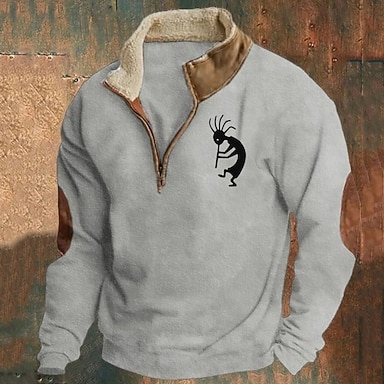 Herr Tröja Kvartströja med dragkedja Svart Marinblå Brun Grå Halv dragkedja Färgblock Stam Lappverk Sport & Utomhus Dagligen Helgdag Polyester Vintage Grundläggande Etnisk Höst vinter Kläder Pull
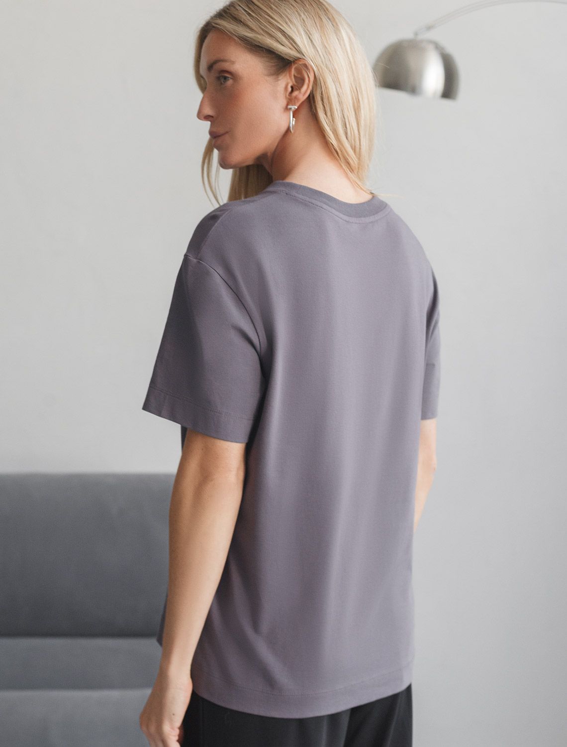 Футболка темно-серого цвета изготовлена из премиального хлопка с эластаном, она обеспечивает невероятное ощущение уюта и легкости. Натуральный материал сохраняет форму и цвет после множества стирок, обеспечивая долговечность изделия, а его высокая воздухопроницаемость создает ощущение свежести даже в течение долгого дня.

* * *

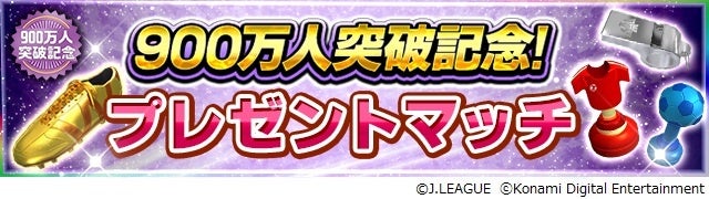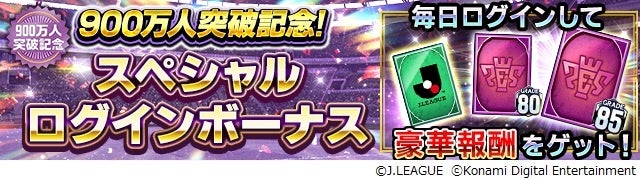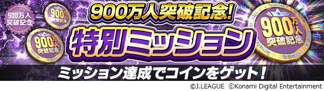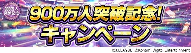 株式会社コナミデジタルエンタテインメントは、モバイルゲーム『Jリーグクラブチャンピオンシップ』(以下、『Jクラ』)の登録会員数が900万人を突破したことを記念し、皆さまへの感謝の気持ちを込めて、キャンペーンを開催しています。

■ **ACTIVITY**: Go down the entries above from the line containing "Herr Tröja Kvartströja" to the line containing "Футболка темно-серого цвета" and write out each line exactly, leaving pictures out.

■ **YOUR SOLUTION**:
 Herr Tröja Kvartströja med dragkedja Svart Marinblå Brun Grå Halv dragkedja Färgblock Stam Lappverk Sport & Utomhus Dagligen Helgdag Polyester Vintage Grundläggande Etnisk Höst vinter Kläder Pull
 Футболка темно-серого цвета изготовлена из премиального хлопка с эластаном, она обеспечивает невероятное ощущение уюта и легкости. Натуральный материал сохраняет форму и цвет после множества стирок, обеспечивая долговечность изделия, а его высокая воздухопроницаемость создает ощущение свежести даже в течение долгого дня.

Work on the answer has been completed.